Data for this exercise Block Start
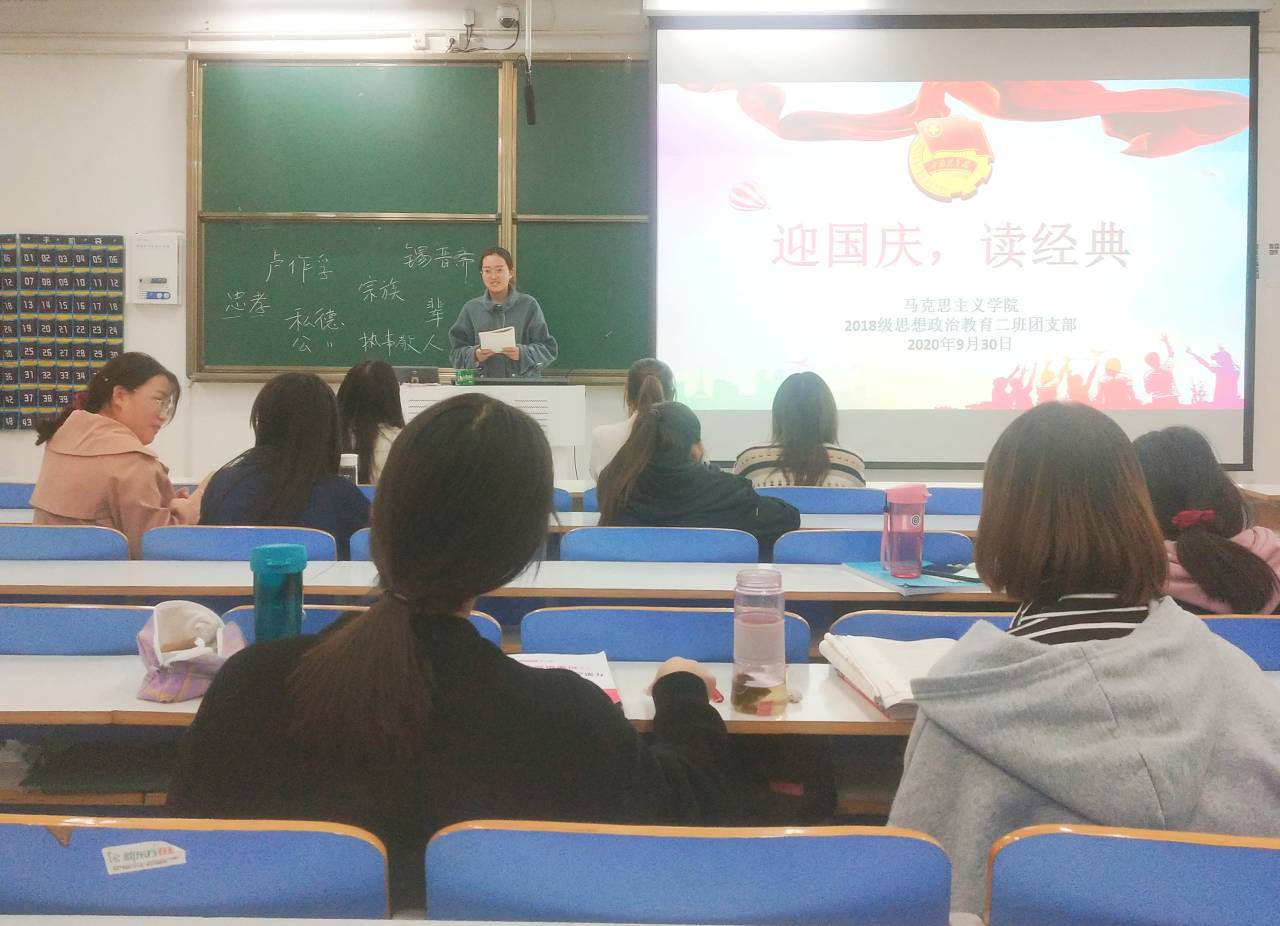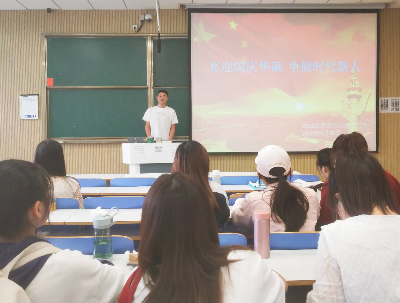 为纪念祖国七十一年华诞,激发同学们的爱国奉献精神,9月29日——10月8日,我院2018级思想政治教育二班开展了“弘扬核心价值观,展现青年担当”建国七十一周年主题团日活动。我院2018级思想政治教育二班全体成员共同参加了本次活动。活动由班长杨康、团支书黄子晋主持。
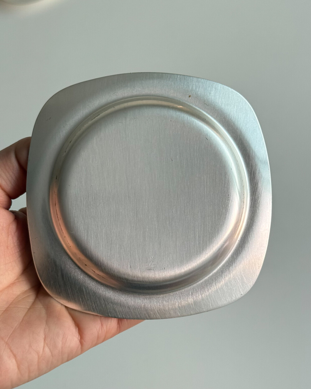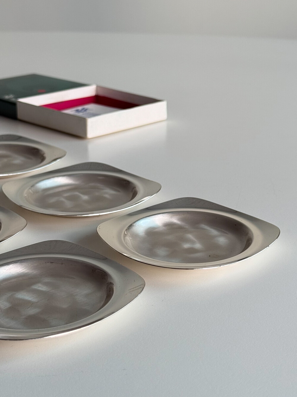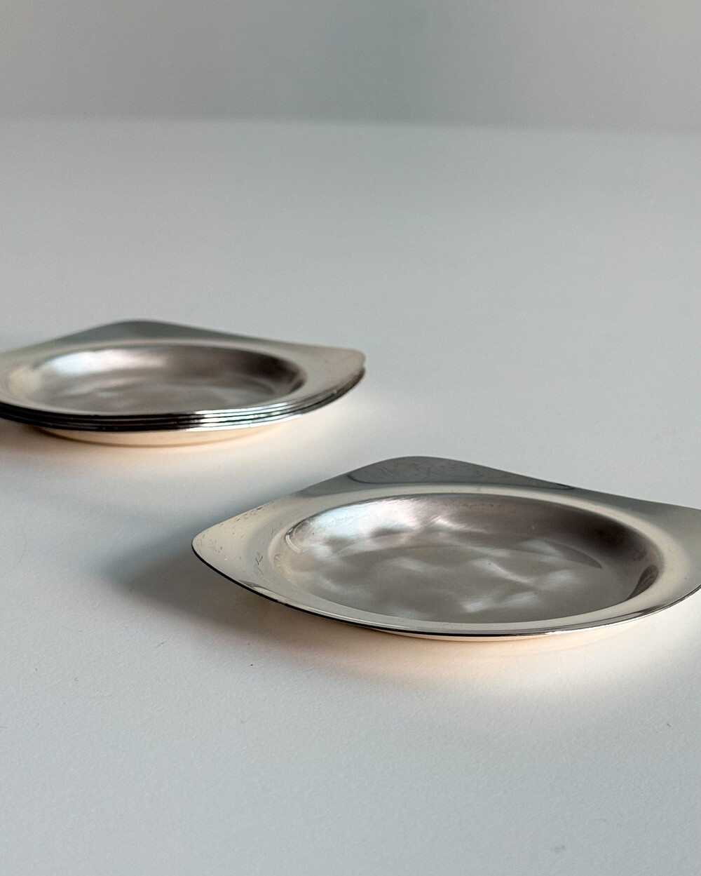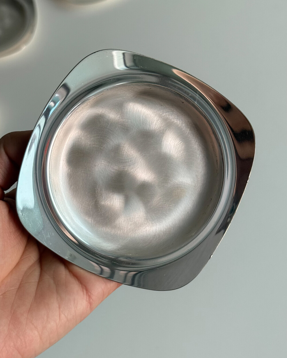 1970년도 WMF IKORA 라인의 코스터 세트 입니다. 중앙 부분의 독특한 질감 처리와 우아한 곡선미가 돋보이는 이 제품은 찻잔 받침, 액세서리 트레이, 또는 장식용 미니 접시 등 다양한 용도로 활용하기 좋습니다.
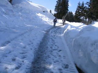 この先は「急勾配」、「雪で滑る」、「疲れた」で完全歩きです。
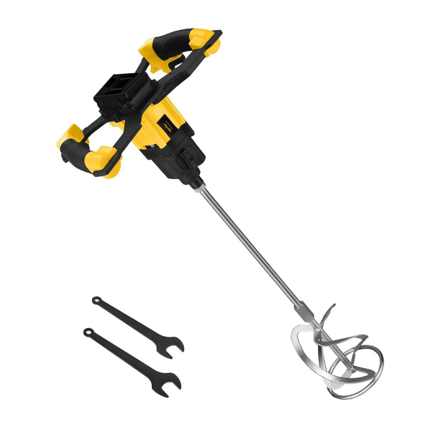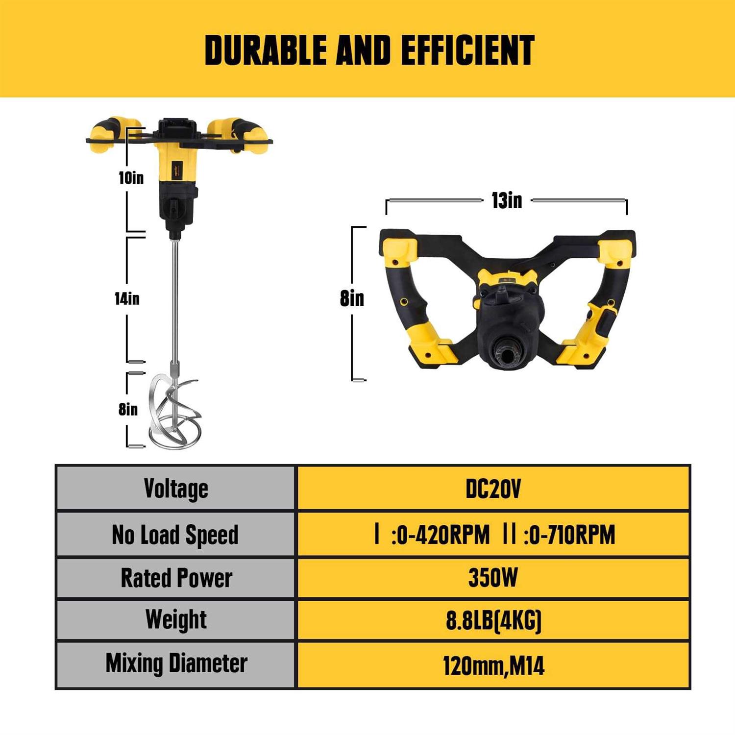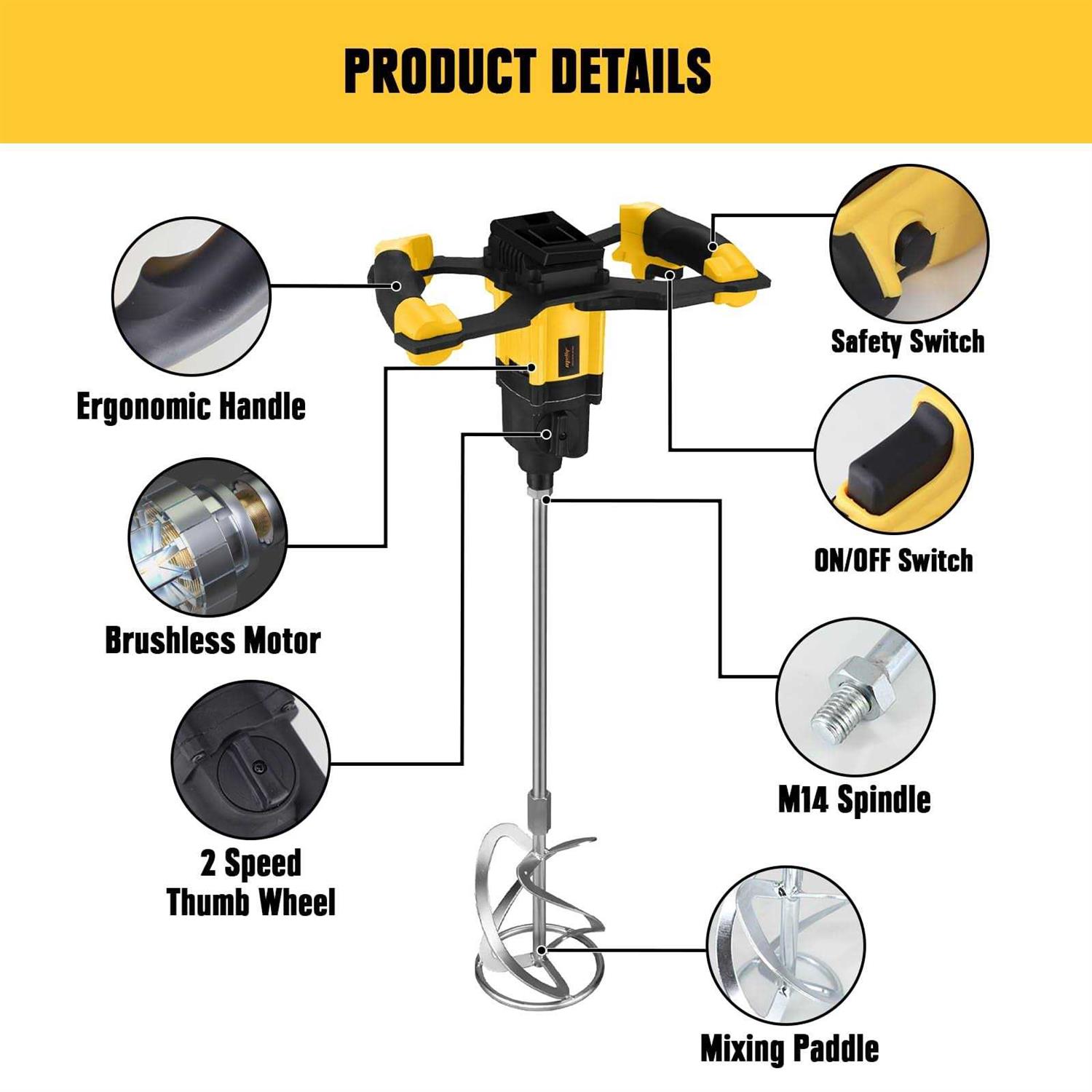 The power cement mixer is designed for Dewalt 20V Max batteries (Battery NOT Included). It has a 2-speed option (0-420RPM and 0-710RPM) for versatile mixing. Safety is ensured with overheat protection, and it features an ergonomic dual-handle design. The Handheld mud mixer works with various materials, such as cement, mud, paint, plaster, and putty.
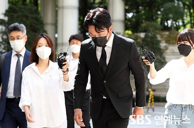 [SBS연예뉴스 | 백승철 기자] 프로포폴을 불법 투약한 혐의로 재판에 넘겨진 배우 하정우가 14일 오후 서울 서초구 서울중앙지법에서 열린 1심 선고공판에 출석하고 있다.
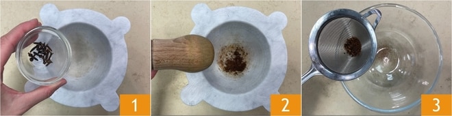 Um die Mini-Tarte-Tatin mit kleinen Zwiebeln zuzubereiten, geben Sie zuerst die Nelken in einen Mörser 1 und zerstoßen Sie sie mit einem Stößel, bis sie zu Pulver werden 2. Sieben Sie das entstandene Pulver und stellen Sie es beiseite 3.
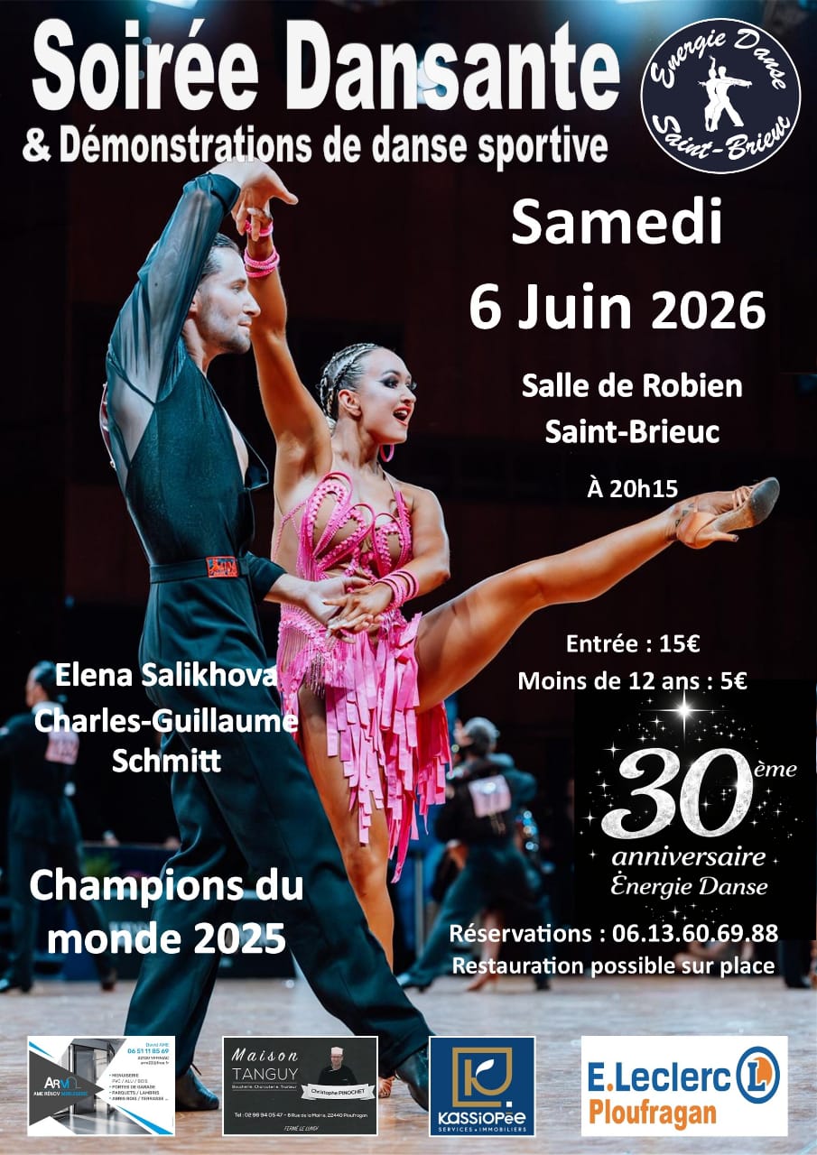 - Soirée dansante pour le 30ème anniversaire d'Energie Danse Saint-Brieuc le 6 juin 2026 à la Salle De Robien à 20h15. Tous les détails sur l'affiche.
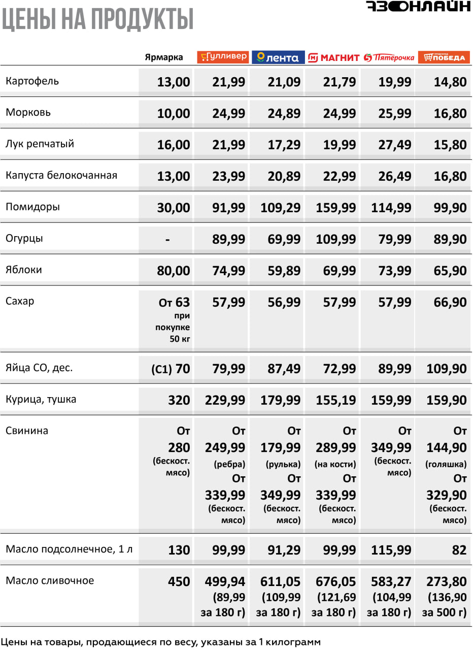 Поскольку ярмарка проходит в Заволжье, в этот раз в «Ашан» мы не заглянули – зато наведались в «Ленту», которая к проспекту Ульяновскому на порядок ближе. Цены брали наиболее низкие из представленных, а стоимость сливочного масла (не менее 72,5% жирности!) пересчитали на килограмм для удобства. В скобках указали цену и вес пачки из магазина.
Data for this exercise Block End
Please write out every line of the listing above exactly, and leave the images behind.

 为纪念祖国七十一年华诞,激发同学们的爱国奉献精神,9月29日——10月8日,我院2018级思想政治教育二班开展了“弘扬核心价值观,展现青年担当”建国七十一周年主题团日活动。我院2018级思想政治教育二班全体成员共同参加了本次活动。活动由班长杨康、团支书黄子晋主持。
 1970년도 WMF IKORA 라인의 코스터 세트 입니다. 중앙 부분의 독특한 질감 처리와 우아한 곡선미가 돋보이는 이 제품은 찻잔 받침, 액세서리 트레이, 또는 장식용 미니 접시 등 다양한 용도로 활용하기 좋습니다.
 この先は「急勾配」、「雪で滑る」、「疲れた」で完全歩きです。
 The power cement mixer is designed for Dewalt 20V Max batteries (Battery NOT Included). It has a 2-speed option (0-420RPM and 0-710RPM) for versatile mixing. Safety is ensured with overheat protection, and it features an ergonomic dual-handle design. The Handheld mud mixer works with various materials, such as cement, mud, paint, plaster, and putty.
 [SBS연예뉴스 | 백승철 기자] 프로포폴을 불법 투약한 혐의로 재판에 넘겨진 배우 하정우가 14일 오후 서울 서초구 서울중앙지법에서 열린 1심 선고공판에 출석하고 있다.
 Um die Mini-Tarte-Tatin mit kleinen Zwiebeln zuzubereiten, geben Sie zuerst die Nelken in einen Mörser 1 und zerstoßen Sie sie mit einem Stößel, bis sie zu Pulver werden 2. Sieben Sie das entstandene Pulver und stellen Sie es beiseite 3.
 - Soirée dansante pour le 30ème anniversaire d'Energie Danse Saint-Brieuc le 6 juin 2026 à la Salle De Robien à 20h15. Tous les détails sur l'affiche.
 Поскольку ярмарка проходит в Заволжье, в этот раз в «Ашан» мы не заглянули – зато наведались в «Ленту», которая к проспекту Ульяновскому на порядок ближе. Цены брали наиболее низкие из представленных, а стоимость сливочного масла (не менее 72,5% жирности!) пересчитали на килограмм для удобства. В скобках указали цену и вес пачки из магазина.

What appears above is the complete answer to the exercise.